We followed along the Lewis and Clark trail and made a special stop at Pompey's Pillar, a national momument along the Yellowstone River made famous by William Clark in 1806. He signed his name in the rock when he made a stop there on his way to rendevous with Lewis at the confluence of the
Yellowstone and Missouri Rivers later on in the summer of 1806. They had separated to explore other areas on their return exploration after having made it to the Pacific Coast earlier that year. I wanted to go there because an ancestor of mine was one of the original homesteaders in that area over a hundred years ago and I wanted to see what the area was like. The town of Pompey's Pillar was a desolate ghost town with just a few inhabitants and not much indication of it's former glory. There were many vacant homes and buildings. Even the nice Catholic Church was little used as they only have services when a traveling priest comes through. It was a sad testimonial that not every frontier town goes on to become a thriving community.

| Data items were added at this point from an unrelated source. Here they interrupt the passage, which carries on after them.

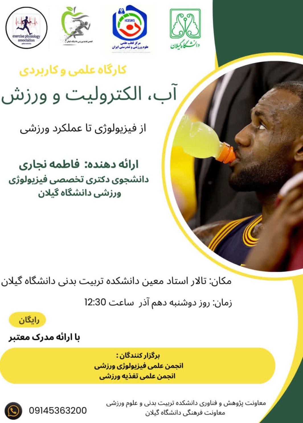 (۱۰ آذر) کارگاه آب و الکترولیت‌ها در ورزش
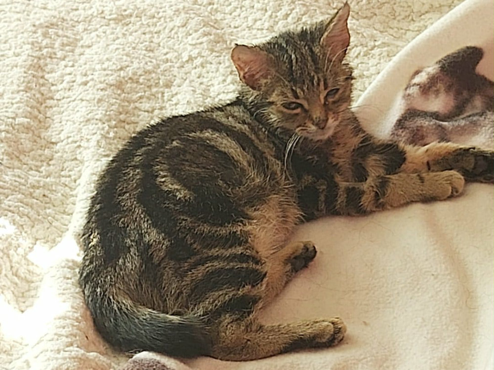 Haze was found all alone in a country lane at just 10 weeks of age – he was anaemic and full of skin lesions so was in and out of the vets for the first few weeks but has grown into a gorgeous young boy.
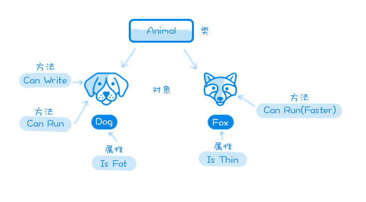 了解基本的面相对象开发流程和抽象、封装、继承、类、对象、多态等面向对象基本概念,如下图可以简单理解类、对象、方法和属性的概念,另外了解后端研发会用的其他语言中的基本概念,可以去翻翻比如 Java 开发、PHP 开发等相关的书。
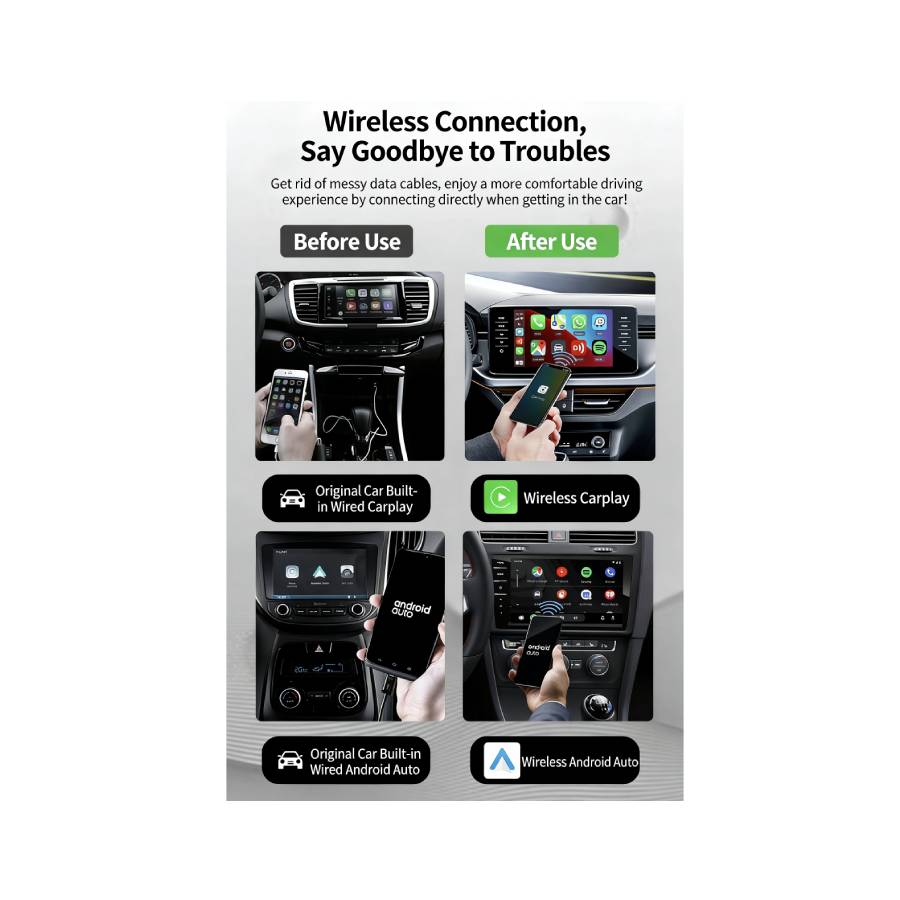 Upgrade your vehicle’s factory infotainment system with the Mini S3 Wireless CarPlay and Android Auto Adapter. This compact plug-and-play adapter is designed for cars that already have built-in wired Apple CarPlay or wired Android Auto, allowing you to enjoy the same familiar interface without needing to connect your phone with a cable every time you drive.
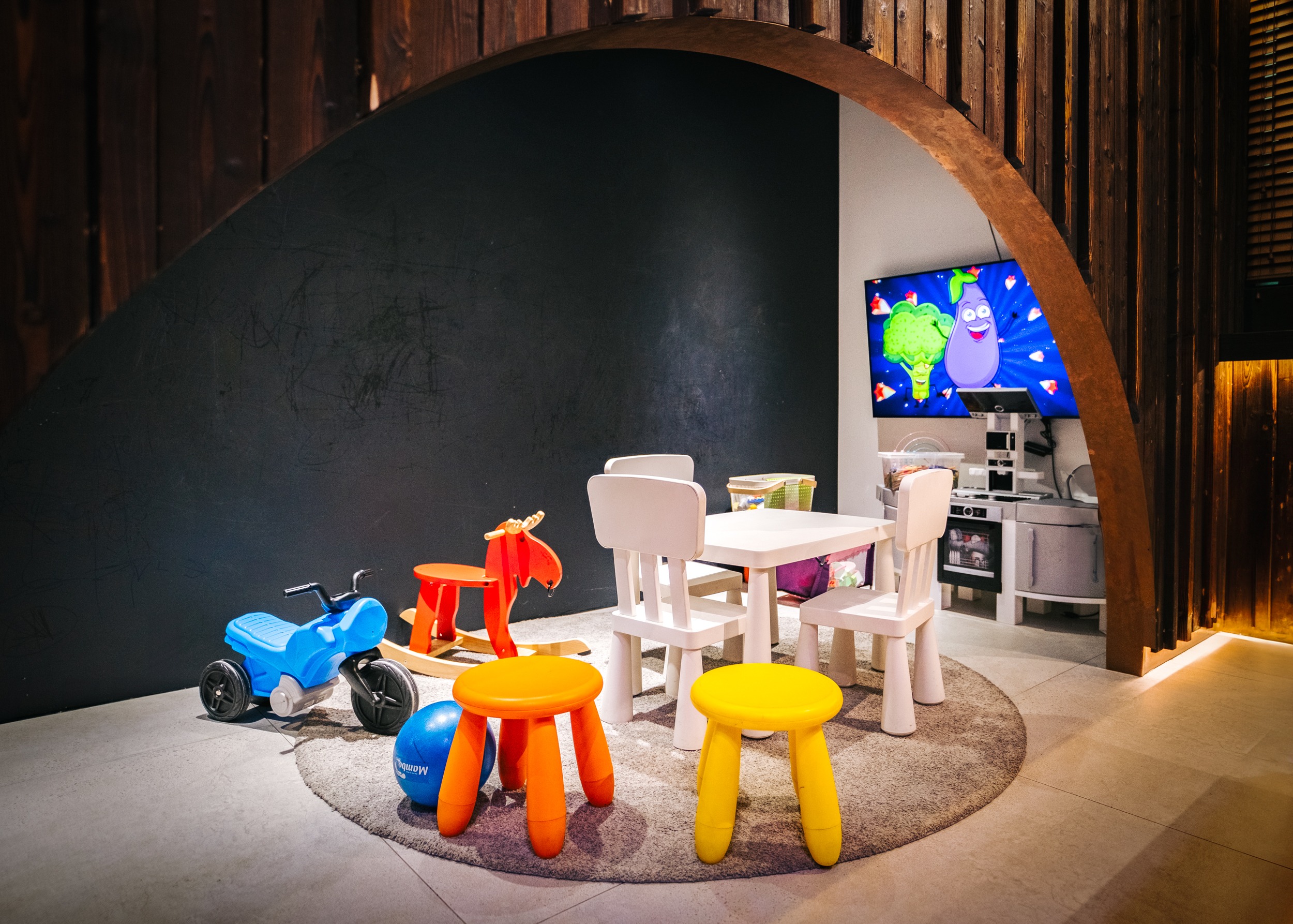 Mažoji salė – jauki, privati erdvė su vaikų kampeliu, puikiai pritaikyta nedideliems pasisėdėjimams iki 30 asmenų, kur galėsite mėgautis jaukia ir ramia atmosfera.
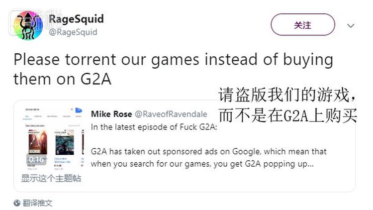 “如果你准备在G2A上买我们的游戏,没必要,你只要去玩盗版就好了”,Mike在推特上说,“反正不管怎样我们都拿不到一分钱,我宁愿不让G2A拿到抽成”。《速降王者》的开发商也对此表示了支持,他们表示如果玩家没钱买正版或者不想全价买游戏,那干脆去玩盗版好了,总好过从G2A上买——那样他们还要支付银行的罚款,这些年来,G2A让他们在客服、调查假Key等工作上花费了大量时间。
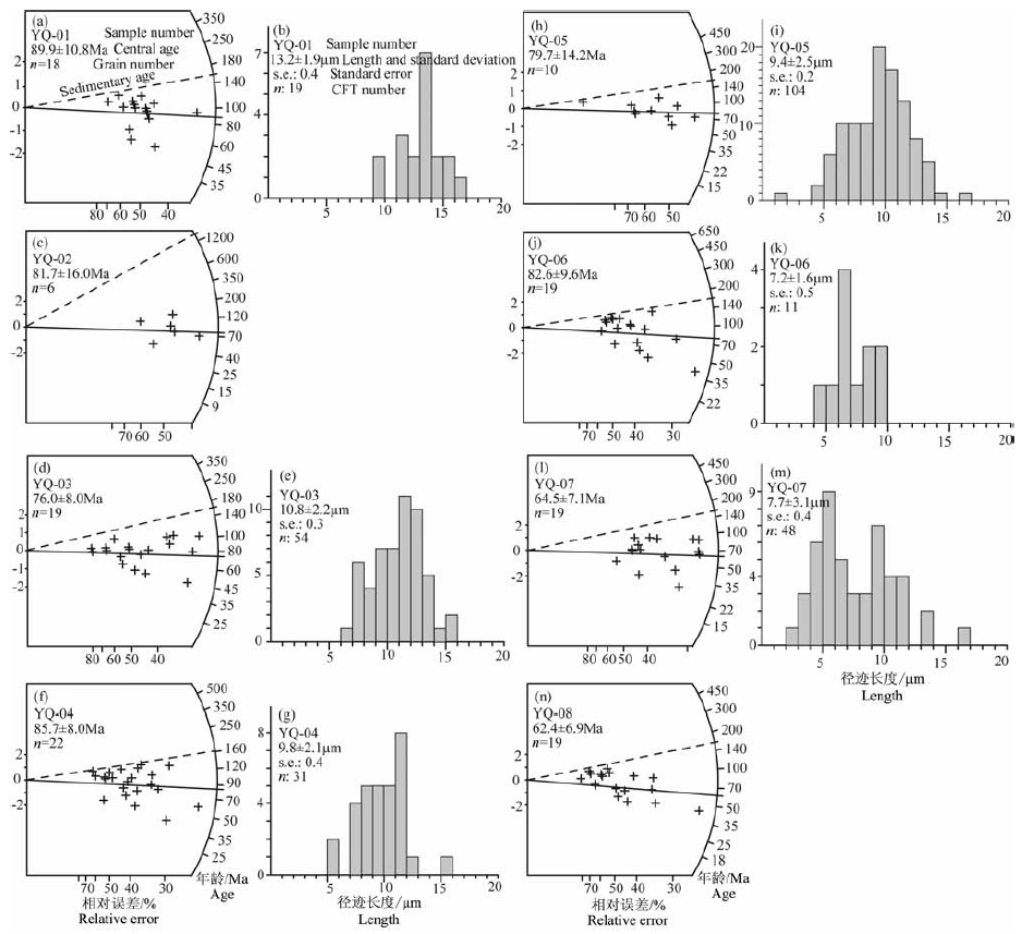 图 2 北京千家店地区磷灰石单颗粒年龄放射图[27]和裂变径迹长度分布图 (a)、(c)、(d)、(f)、(h)、(j)、(l)、(n)分别是样品YQ-01~YQ-08的单颗粒年龄放射图;放射图纵坐标右侧表示绝对年龄,左侧为标准误差,单位σ;图中表示出了中值年龄和样品的沉积年龄;(b)、(e)、(g)、(i)、(k)、(m)分别是样品YQ-01、YQ-03、YQ-04、YQ-05、YQ-06、YQ-07的裂变径迹长度分布直方图,纵坐标表示封闭径迹(CFT)的条数. Fig. 2 Radial plots and track length histograms of apatitesat Qianjiadian area, Beijing [27] Figure (a), (c), (d), (f), (h), (j), (l), (n) are radial plots of single grain age of the samples from YQ-01 to YQ-08, respectively. Vereical ordinate in radial plots denotes absolute age in the right and standard error in the left. Central age and deposition age of the samples are marked in radial plots. Figure (b), (e), (g), (i), (k), (m) are track length histograms of apatite of the samples YQ-01, YQ-03, YQ-04, YQ-05, YQ-06, YQ-07. Vertical ordinate in track length histograms denotes the number of confined fission track (CFT). |
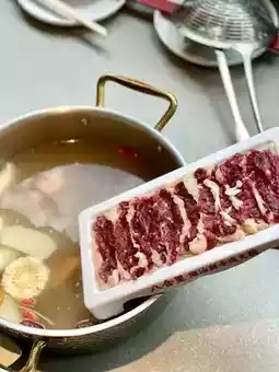 First of all, its original beef bone soup is very good, when the staff pours the soup I can smell the fragrance, to boil this fresh meat four treasures platter is really great 👍🏻 This platter can eat the toe meat, hanging dragon companion, spoon meat and spoon handle at once, eat four different tastes of beef at once, really good 😎 In addition, add a plate of freshly cut fat beef, so it's perfect, satisfying 😌
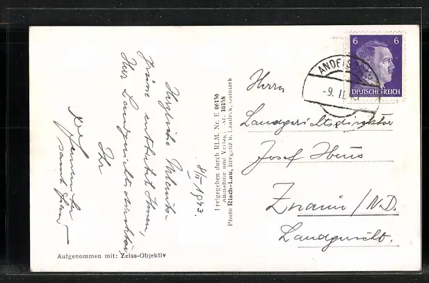 Personenbezogene Daten auf der Rückseite der Karte wurden durch blauen Textmarker unkenntlich gemacht. Die blauen Stellen sind auf die Vorderseite durchgeweicht und wirken sich negativ auf das Postkartenfoto aus
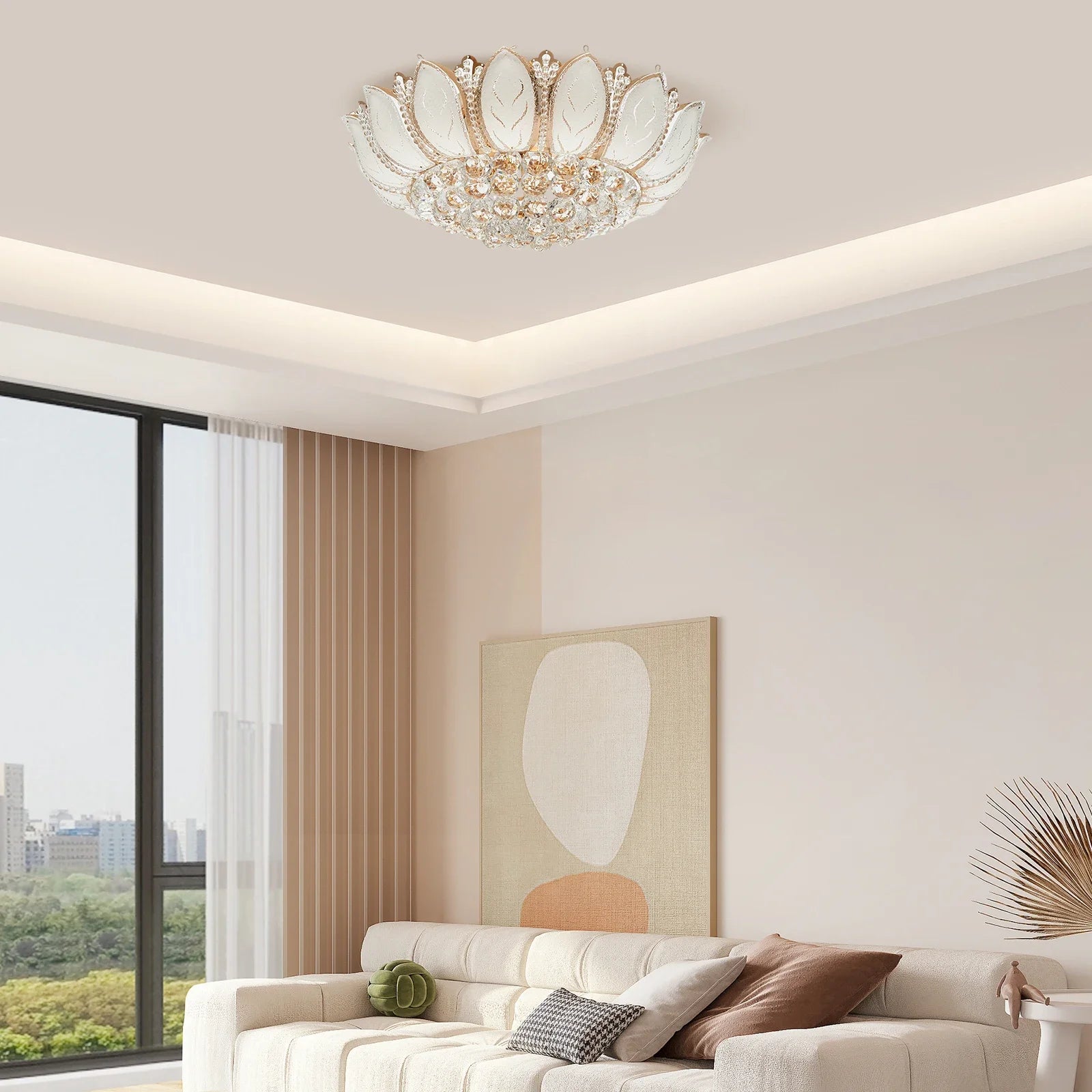 Bright light can bring charm and warmth to your room, and light up your life. Made of premium metal, ABS, and crystal, this ceiling light is strong and durable. It can create a bright light to brighten your life and will be a great addition to your house. A simple structure and smooth surface allow for easy cleaning and installation. It is an excellent gift for your friends and family for housewarming.
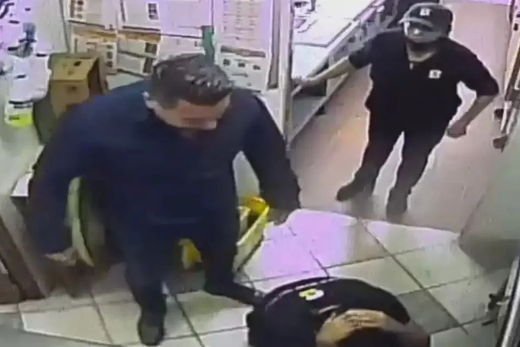 En la grabación, con fecha del 31 de julio, se ve que el hombre toma un respiro para poder derribar en el piso al joven con una patada. Aunque el empleado ya se encontraba en el suelo, el hombre siguió pegándole.
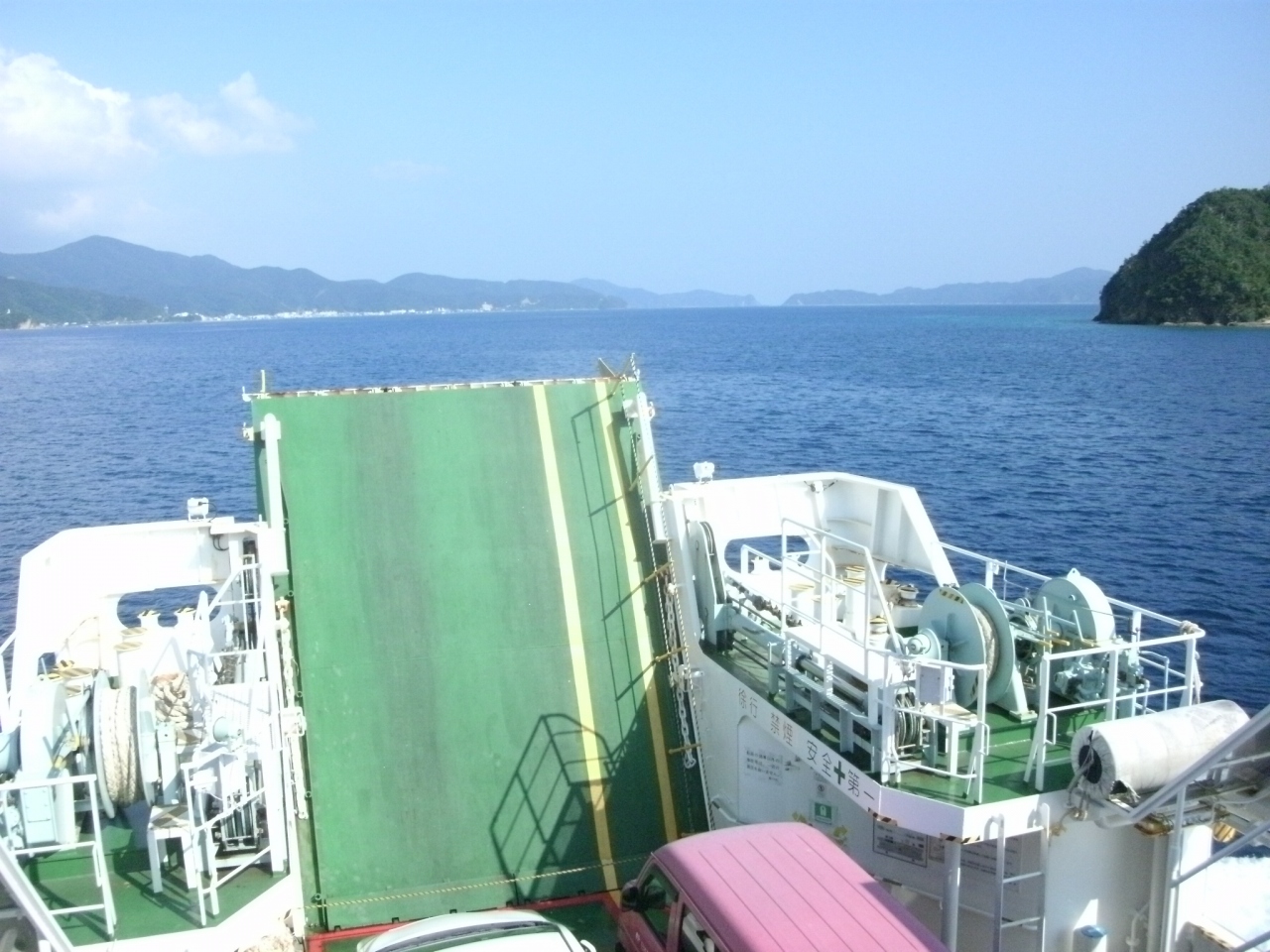 奄美本島側の古仁屋港と加計呂麻島の瀬相港と生間港を交互に往復してます。所要時間は瀬相港間が25分、生間港間が20分で、生間港間の方が5分短いですが運賃はどちらも同じで、往復運賃で買うと5%ほど安くなります。ただし、往復運賃は2日間の適用なので長く加計呂麻島に滞在する場合は注意が必要です。2016年に就航した「かけろま」は一階部分が車庫、二階部分が客室で客室の椅子はゆったりしていて居心地がよかった。往路は生間港着、復路は瀬相港発を利用しましたが大島海峡の景色をのんびり眺めているとあっという間に到着。僅か20分ほどの乗船でしたが天気も良く、気持ちの良い船旅でした。
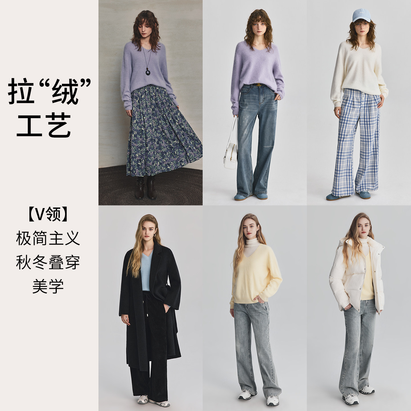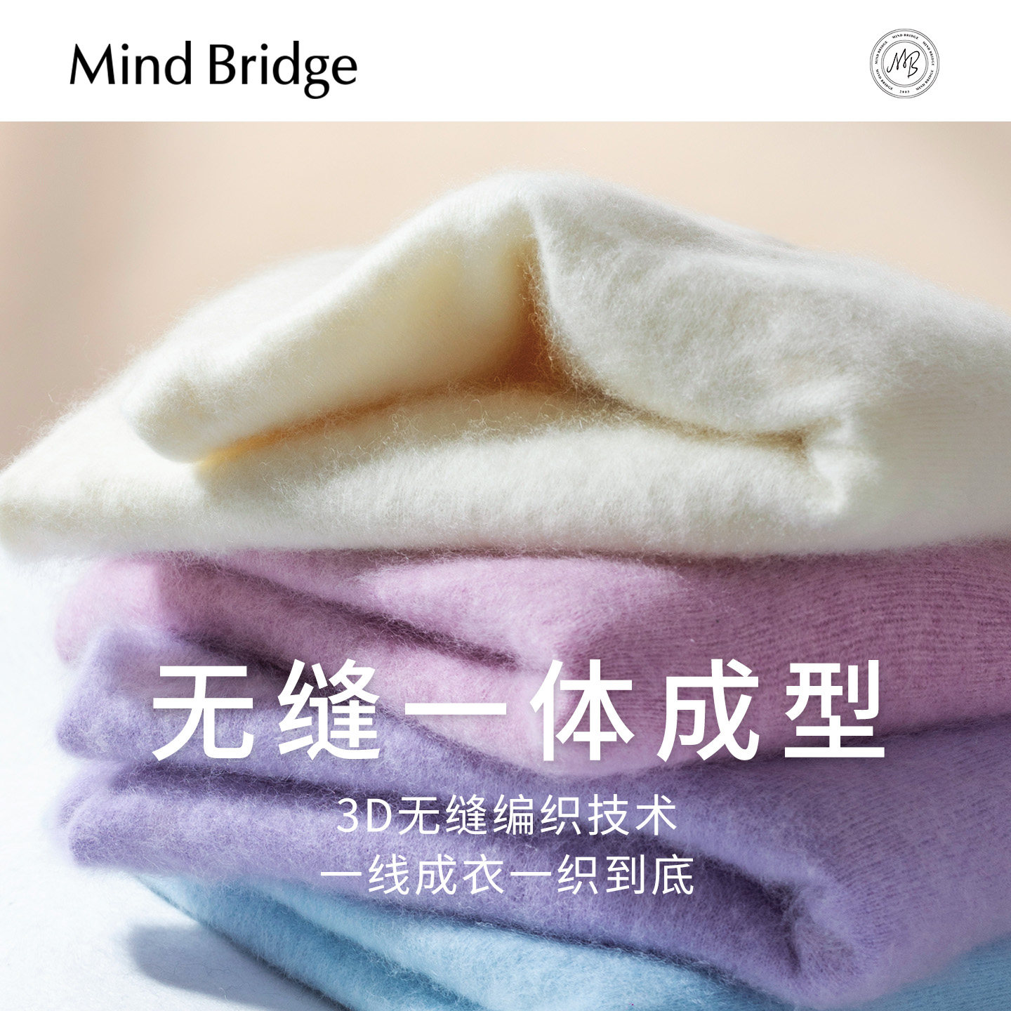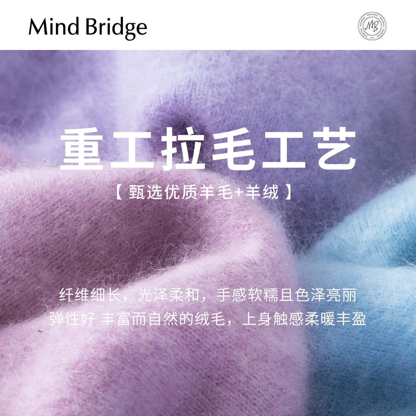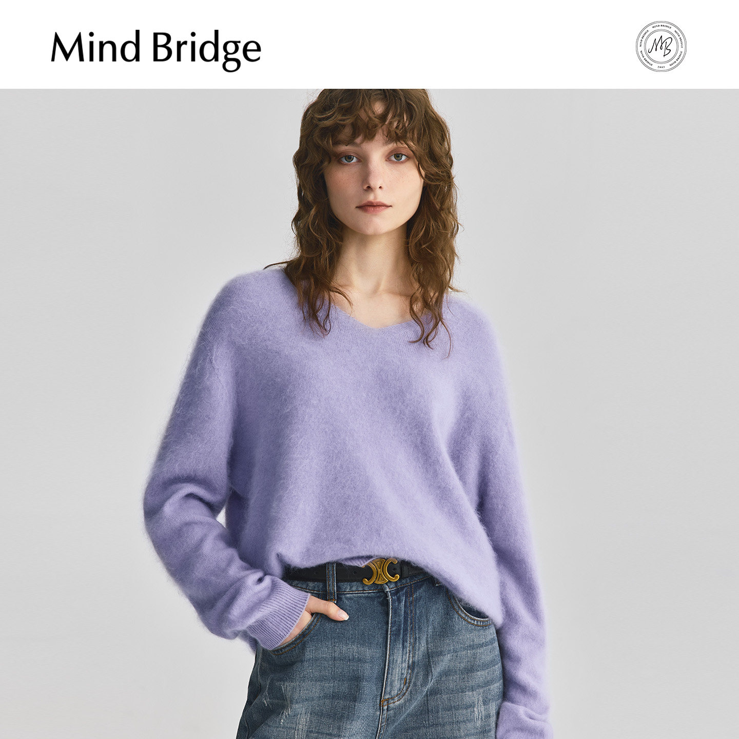 Mind Bridge【绵羊毛】2025秋拉毛V领毛衣女士无缝一体山羊绒针织
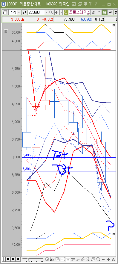 월봉을 보면 아직 전월이 음봉이기 때문에 그닥 좋지 않습니다. 따라서 일단 3300원 이하 매수가이면 청산을 하시고 난 뒤에 다음 전략을 고민하시고, 크게 물려 계시면 월봉상으로는 아직 물타기를 할 시점은 아닙니다.

As we continued east the economic climate changed completely. We began to see oil derricks amongst the cattle and the towns seemed to be bustling with activity. So much so, that we had a hard time finding a place to stay as the evening progressed. Eastern Montana gave way to western North Dakota and the boom continued. We stopped at numerous motels along the
way and the story was the same, "sorry we are completely filled up with business men and oil field workers". They said it was almost impossible to find any hotels rooms Monday thru Wednesday and of course this was a Tuesday night. Finally, at 2:00am we had some luck in Jamestown, North Dakota at the Holiday Inn Express. The night clerk had just released two rooms because the people who had them reserved did not show up. Exhausted, but relieved to have a room we did not even mind when we realized that we had crossed into central time and we were actually going to bed at 3:30am!